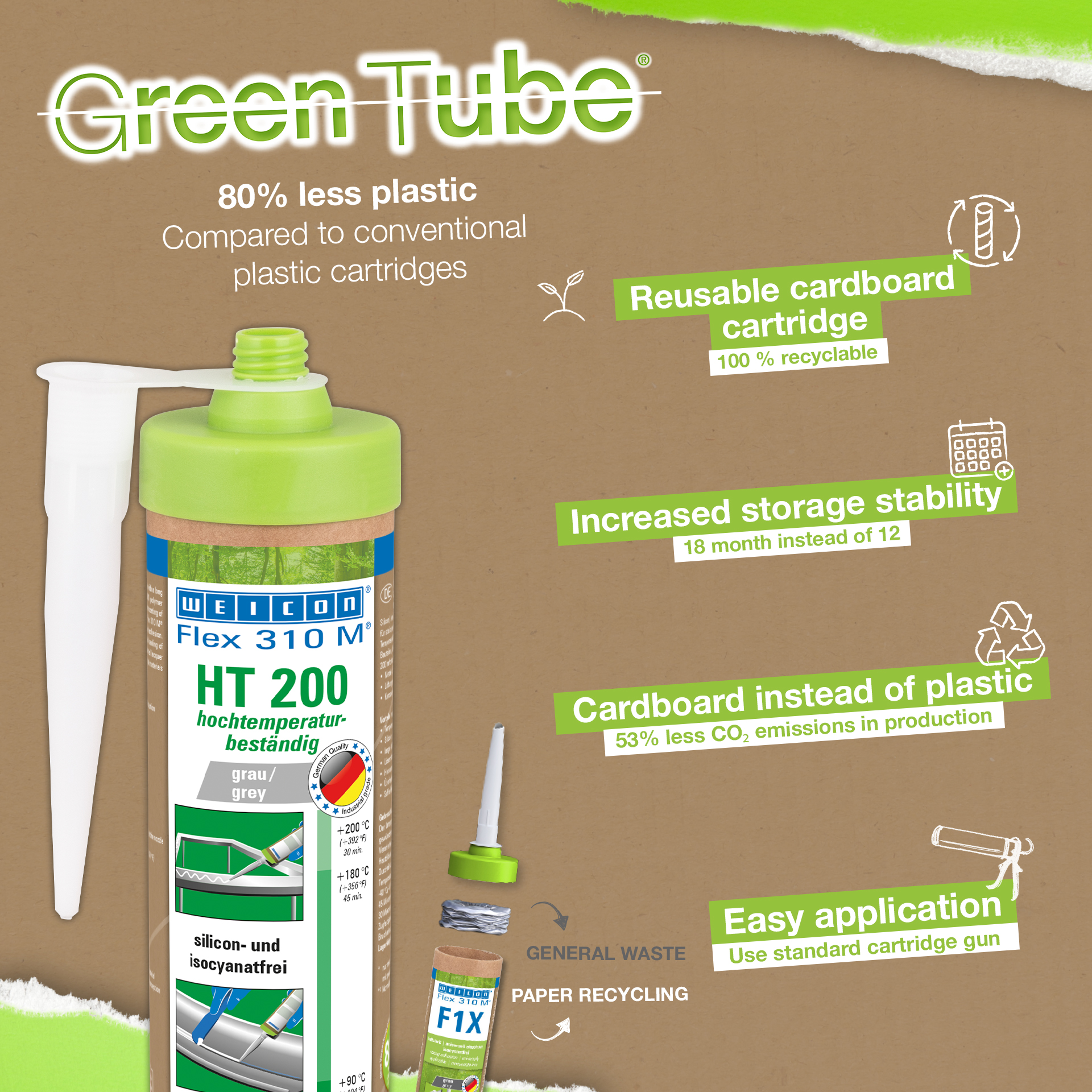 Vysoká teplotná odolnosť umožňuje lepenie a tesnenie komponentov, ktoré sa následne tepelne lakujú (práškové lakovanie). WEICON Flex 310 M HT 200 možno použiť v kovovýrobe, pri výrobe nádrží a prístrojov, vo ventilačnej a klimatizačnej technike, pri výrobe karosérií, kontajnerov, železničných vagónov a vozidiel. Flex 310 M HT 200 spĺňa požiadavky pre koľajové vozidlá tým, že je testovaný v súlade s DIN EN 45545-2 R1, R7, R17 HL3. WEICON Flex 310 M HT 200 je odolný proti vysokým teplotám, má vynikajúcu odolnosť proti starnutiu a neobsahuje silikón, izokyanát, halogén a rozpúšťadlá.
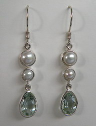 Zilveren oorhangers Parel en Obsidiaan. Echte edelstenen
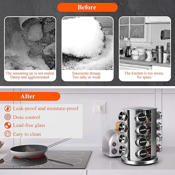- 【Safe & Durable Material】Our rotating revolving spice rack is made of high quality stainless steel, strong and durable. The glass jar is made of lead-free glass, which is safe and secure to store the spices, and the transparent jar body is convenient for observing the spices.
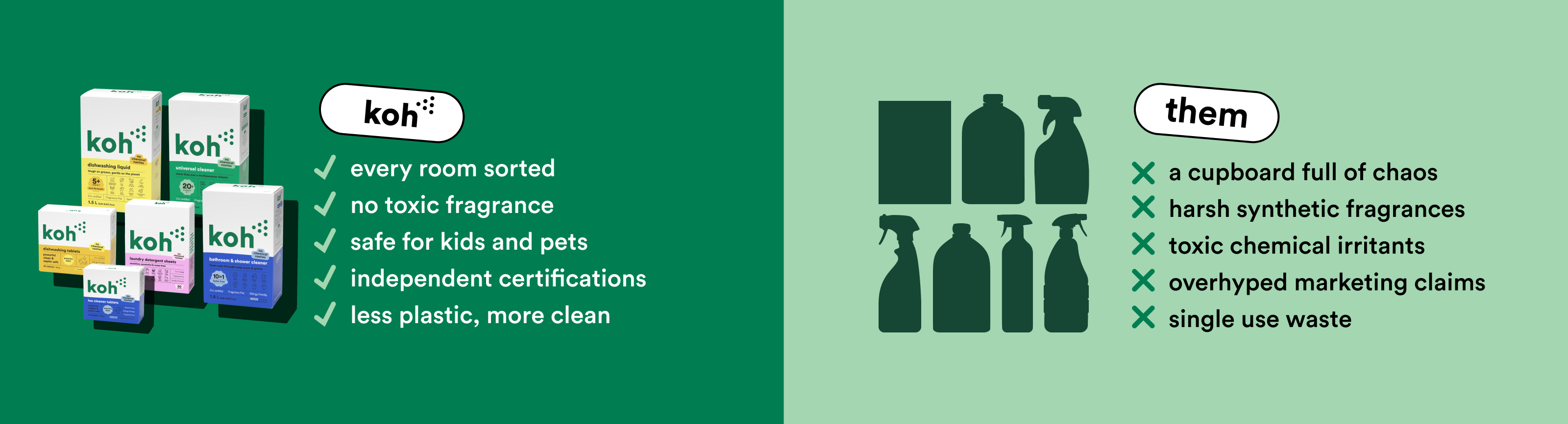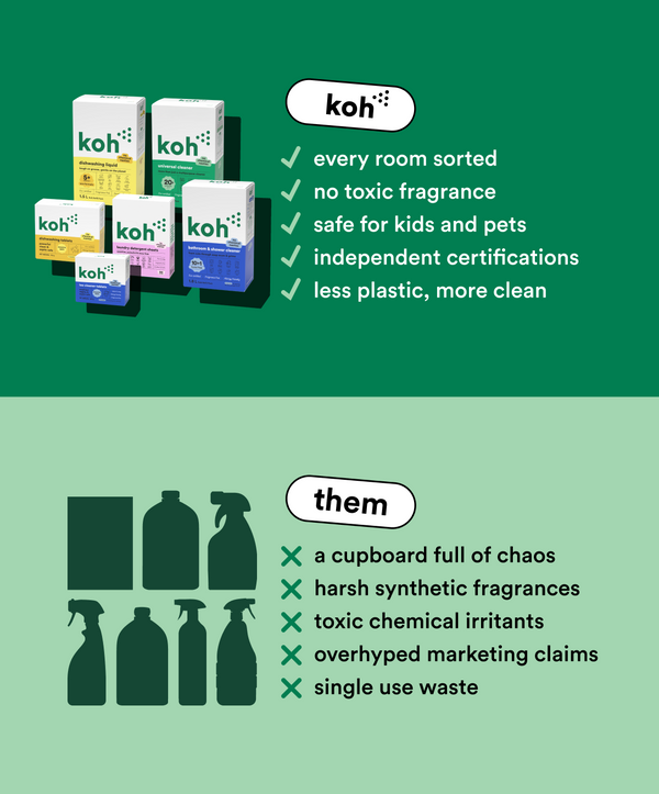 Like it or not, ‘green’ products don’t always have the best reputation. Organic ingredients are friendly on the skin, but sometimes a little too friendly on grime. Koh ticks both boxes: our formulas tackle mess instantly, without stripping your skin or making you wheeze. Bathroom, kitchen, or crayon on the wall; Koh cleans it all — fast.
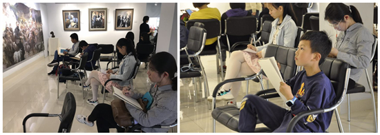 学员们现场临摹俞晓夫作品,零距离的欣赏观摩让学员们对大师作品的绘画画面技法和笔触有了进一步直观的认识,这是在课堂教学无法提供的宝贵学习机会。
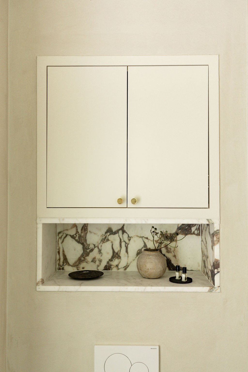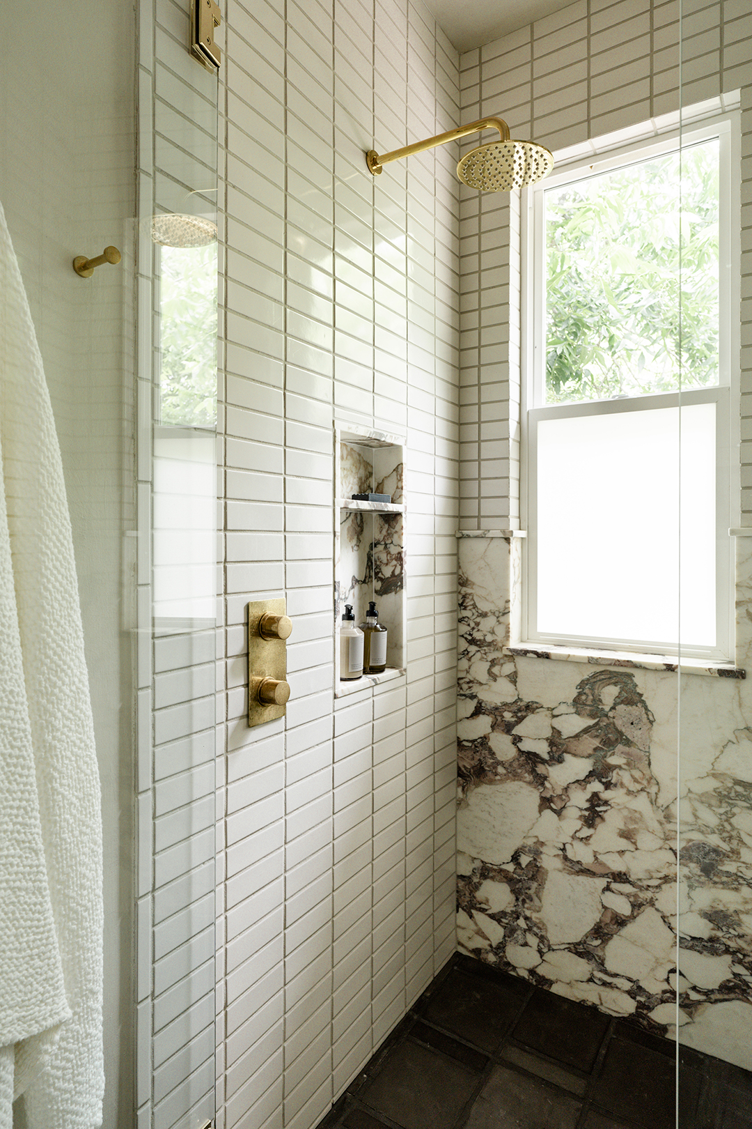 The catch was, they only had the budget for one slab of the statement stone. “Naturally, we wanted to place it strategically,” the designer continues. Brown thoughtfully used all of it by peppering it in every corner: the shower wall under the window, the vanity counter and backsplash, the shampoo shelf, the sill next to the tub, and the cabinet niche over the toilet.
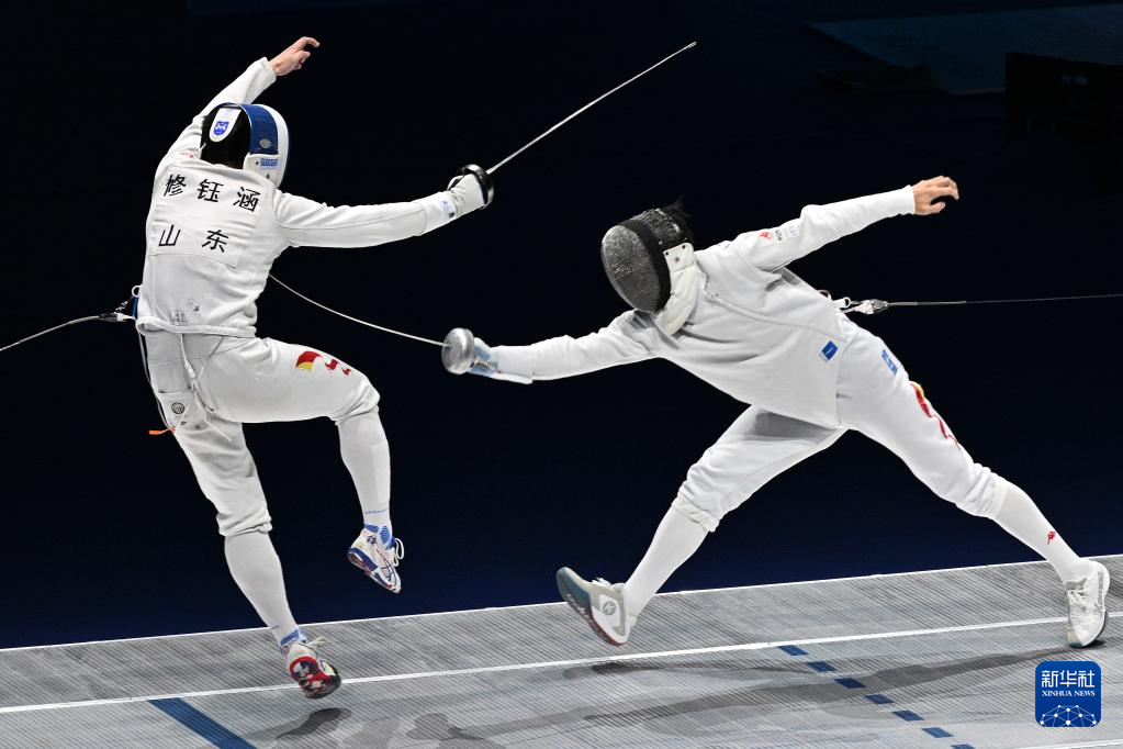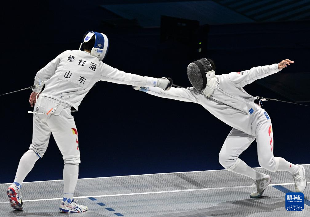11月17日,山东队选手修钰涵(左)与安徽队选手俞乐凡在比赛中。
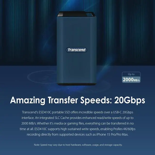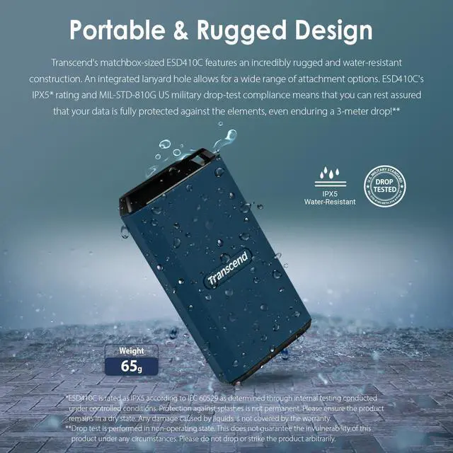 Amazing Transfer Speeds: 20GbpsTranscend's ESD410C portable SSD offers incredible speeds over a USB-C 20Gbps interface. An integrated SLC Cache provides enhanced read/write speeds of up to 2000 MB/s. Whether it's media or gaming files, everything can be transferred in no time at all. ESD410C supports high sustained write speeds, enabling ProRes 4K/60fps recording directly from supported devices such as iPhone 15 Pro/Pro Max. Portable & Rugged DesignTranscend's matchbox-sized ESD410C features an incredibly rugged and water-resistant construction. An integrated lanyard hole allows for a wide range of attachment options. ESD410C's IPX5* rating and MIL-STD-810G US military drop-test compliance means that you can rest assured that your data is fully protected against the elements, even enduring a 3-meter drop! **rn*ESD410C is rated as IPX5 according to IEC 60529 as determined through internal testing conducted under controlled conditions. Protection against splashes is not permanent. Please refrain from dismantling the casing yourself and ensure that the product remains in a dry state. Any damage caused by liquids is not covered by the warranty. **Drop test is performed in non-operating state. This does not guarantee the invulnerability of this product under any circumstances.
-------------------------
▶ **ACTION ITEM**
Print the line above containing "Zilveren oorhangers Parel", the line containing "学员们现场临摹俞晓夫作品,零", and everything between them, exactly as written. Pictures stay out.

▶ **OUTPUT BELOW**
 Zilveren oorhangers Parel en Obsidiaan. Echte edelstenen
- 【Safe & Durable Material】Our rotating revolving spice rack is made of high quality stainless steel, strong and durable. The glass jar is made of lead-free glass, which is safe and secure to store the spices, and the transparent jar body is convenient for observing the spices.
 Like it or not, ‘green’ products don’t always have the best reputation. Organic ingredients are friendly on the skin, but sometimes a little too friendly on grime. Koh ticks both boxes: our formulas tackle mess instantly, without stripping your skin or making you wheeze. Bathroom, kitchen, or crayon on the wall; Koh cleans it all — fast.
 学员们现场临摹俞晓夫作品,零距离的欣赏观摩让学员们对大师作品的绘画画面技法和笔触有了进一步直观的认识,这是在课堂教学无法提供的宝贵学习机会。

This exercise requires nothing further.